А утро началось с теплого дождя. В ресторане было пусто, только за столиком у окна сидел какой-то франт. Он на них покосился, но Дубов не заметил, он вокруг Лили хлопотал, стул ей пододвигал и усаживал.
– Гришака, ты?! – Цепкая рука, дотянувшаяся до высокого дубовского плеча откуда-то снизу, заставила Дубова остановиться.
Гришакой его звал только весельчак и балагур Альберт Шустов. Вот он и сам, собственной персоной, в этот ранний час весел и свеж.
– Альберт? Вот так встреча! Сколько лет…
– …сколько Зин! – продолжил фразу Альберт, заговорщицки кивая в сторону несколько обескураженной Лили.
– Ну, это… совсем не то… совсем не то, что ты… мы… В общем, знакомься: это Лиля!
– Молчу, молчу!.. Сразу видно, что вы просто соз-да-ны… – Некоторые слова он произносил нараспев, сладко помурлыкивая при этом, и глаза у него делались масленые. – Соз-да-ны друг для дру-га! Лилечка, можно руку?! Какая теплая ладошка, божественно! А я Альберт. Как Эйнштейн, только чуть гениальнее…
Гениальный Альберт росточком не вышел, зато красотой выделялся даже на фоне ранних отдыхающих. Каблуки его «казаков» с серебряными нашлепками могли бы поспорить высотой с каблуками Лилиных сапожек. Дизайнерские черные джинсы были ему явно узковаты. Черная куртка мягкой кожи выглядела очень дорогой, как и хронометр на волосатом запястье. Тем смешней казалась его рубашка в зебровую полоску и ярко-лимонный шелковый платок, мягким узлом повязанный вокруг шеи – по моде семидесятых годов. В молодости так же повязывал шейный платок Лилин отец, если судить по сохранившейся фотографии дурного качества. Одеколон у Шустова был оголтелый, и речь его тоже казалась нарочито приукрашенной. Усики и эспаньолка выделялись на зимнем, бледном лице, словно нарисованные.
«Фломастерный», – подумала про него Лиля. Несмотря на донжуанские замашки, на попугайские дорогие шмотки и попугайские фразочки нового знакомого, он ей понравился. Лицо у него было хорошее. Некрасивое, умное, печальное лицо.
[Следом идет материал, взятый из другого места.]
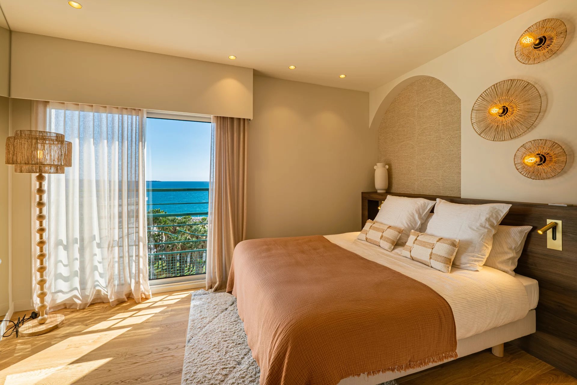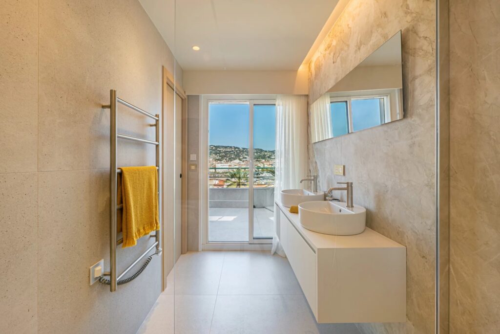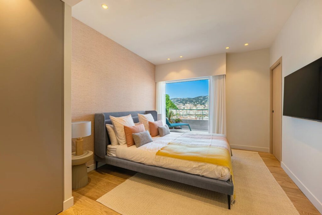 Et soveværelse, der åbner ud til en anden terrasse på østsiden med udsigt over havet og Cannes-bugten. Det har indbygget opbevaring og et privat brusebad.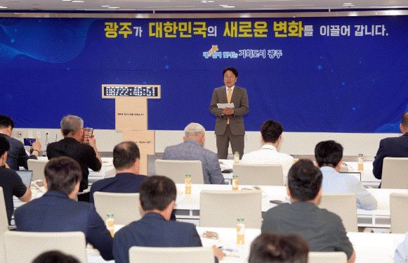 [¹Ìµð¾îÀü³² Á¦°¥´ëÁ¾ ±âÀÚ]°±âÁ¤ ±¤ÁÖ±¤¿ª½ÃÀåÀº 29ÀÏ ¡°Áö³ 1³âÀº º¯È¿Í µµÀüÀ¸·Î ä¿öÁø 8760½Ã°£À̾ú´Ù¡±¸ç ¡°´ëÇѹα¹ÀÇ ¹ÎÁÖÁÖÀǸ¦ À̲ø¾ú´ø ±¤ÁÖ´Â ÀÌÁ¦ ´ëÇѹα¹ÀÇ »õ·Î¿î º¯È¿Í µµÀüÀ» À̲ø¾î°¡°Ú´Ù¡±°í ¹àÇû´Ù. ° ½ÃÀåÀº¡¦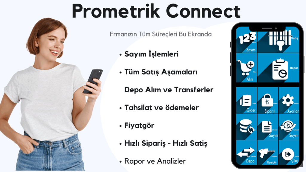 Modern işletmeler için geliştirilen Prometrik Connect, ERP sistemleri, e-ticaret platformları, yazarkasa POS cihazları ve mobil uygulamalar ile entegre çalışarak operasyonların daha hızlı, verimli ve hatasız yürütülmesini sağlar.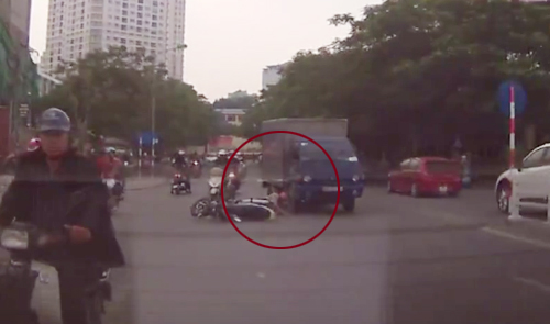 Người đàn ông chạy xe máy bất ngờ mất lái, lao ra giữa đường và bị xe tải từ phía sau vượt lên quệt vào tay lái ngã xuống đất, nằm ngay dưới bánh xe. Rất may, chiếc xe tải kịp thời đánh lái và dừng xe đúng lúc.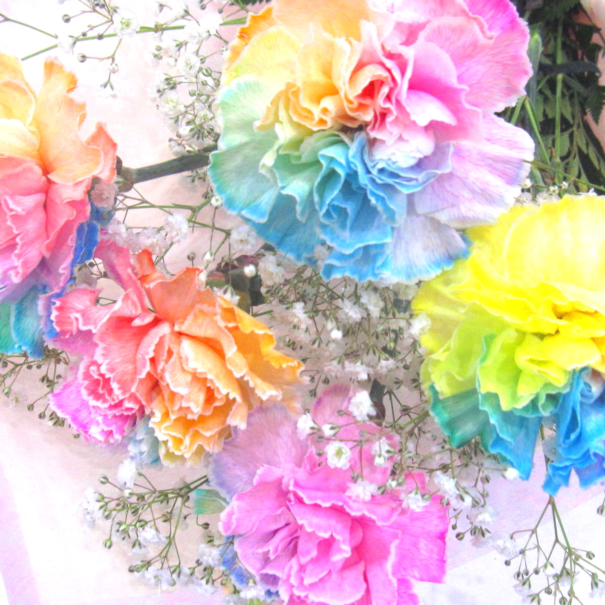花材: メイン パステルレインボーカーネーション その他 かすみ草、葉物類など

– Вы как здесь? Впрочем, что за вопрос?! Весна, море и все такое!..
– Нет, старик! – рассмеялся Дубов, а Лиля нетерпеливо поежилась. Она не хотела, чтобы Дубов говорил. Но одернуть его не могла. – Мы тут проездом, по делам. Вот только позавтракаем. И сразу на автобус. Едем в Лучегорск.
– Серьезно?! – Альберт чуть не подпрыгнул на месте. – Значит, нам по пути! У меня ведь тоже в этом самом Горске дела, дела. Странно быть странником. Лучегорск, Солнцедар, Анапа, в общем – бормотуха! А помнишь, Гришака, как мы… Впрочем, тс-с! В обществе прекрасной дамы не решаюсь приводить подробности. А дама, воистину…
– Альберт, нам помощь нужна, – прервал его излияния Дубов.
– Всегда готов, родной! Денег дать или собачку передержать?
– Все шутишь?
– На том стоим. Доедайте свое месиво и пошли на автобус. По дороге расскажете, что у вас стряслось.
– Чудной какой, – пробормотала Лиля, когда Альберт отгарцевал от них на приличное расстояние.
Он все время словно спешил, сидя – ерзал, стоя – переминался с ноги на ногу, прищелкивал пальцами, прикуривал и тут же бросал сигареты.
– Дерганый. Где ты с ним познакомился? Вы друзья?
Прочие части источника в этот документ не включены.